Dataset section Start Marker

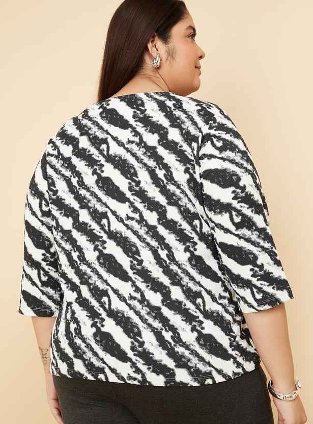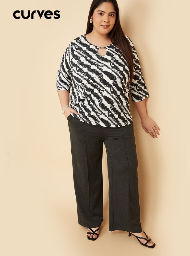 Elevate your casual wardrobe with this printed blouse, featuring a cut-out detail at the neck and 3/4th sleeves for a stylish yet comfortable fit. Model Size :
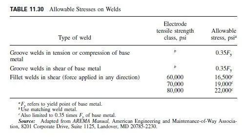 Allowable stresses for welds for railroad bridges are given in Table 11.30. These stresses may also be increased for loading combinations (Art. 11.35.12), or may be superseded by allowable fatigue stresses (Art. 11.38). The designer should review the AREMA Manual for complete provisions, including prohibited types of welds and joints. Special provisions may apply for fracture critical members.
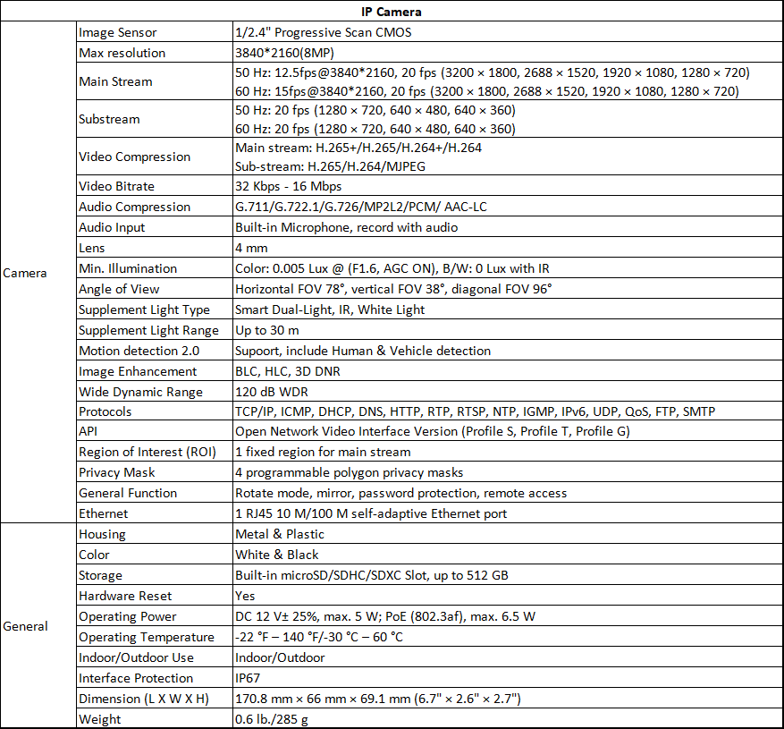 <span class="SnowProductCharacteristics_SnowProductCharacteristicsItem__titleContent__534v9">features</span> 8MP IR Network Turret Camera
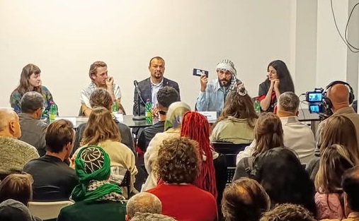 Das Setting: Die Palästina Solidarität Österreich hatte zu einer öffentlichen Veranstaltung eingeladen. “Global Sumud Aktivisten erzählen”. Es geht um die Reise der Gaza-Flottila und die kurze Zeit im israelischen Gefängnis. Ich bin gekommen, um zu bleiben. Reporterblut eben. Sitze ganz hinten am Kindersofa. Man isst Pizza mit Zwiebel und Oliven. Links neben mir sitzt eine sehr attraktive junge Irakerin (?) mit ihrer Schwester. Niemand beachtet mich und das ist gut. Ich habe vor zu bleiben, bis die Polizei mich raus bittet. Doch dazu kommt es nicht.

Dataset section End Marker

▸ **Problem description**:
Repeat, exactly and in full, each line from the start of the data to the line that contains "Allowable stresses for". Pictures do not go in.

▸ **Answer box**:
 Elevate your casual wardrobe with this printed blouse, featuring a cut-out detail at the neck and 3/4th sleeves for a stylish yet comfortable fit. Model Size :
 Allowable stresses for welds for railroad bridges are given in Table 11.30. These stresses may also be increased for loading combinations (Art. 11.35.12), or may be superseded by allowable fatigue stresses (Art. 11.38). The designer should review the AREMA Manual for complete provisions, including prohibited types of welds and joints. Special provisions may apply for fracture critical members.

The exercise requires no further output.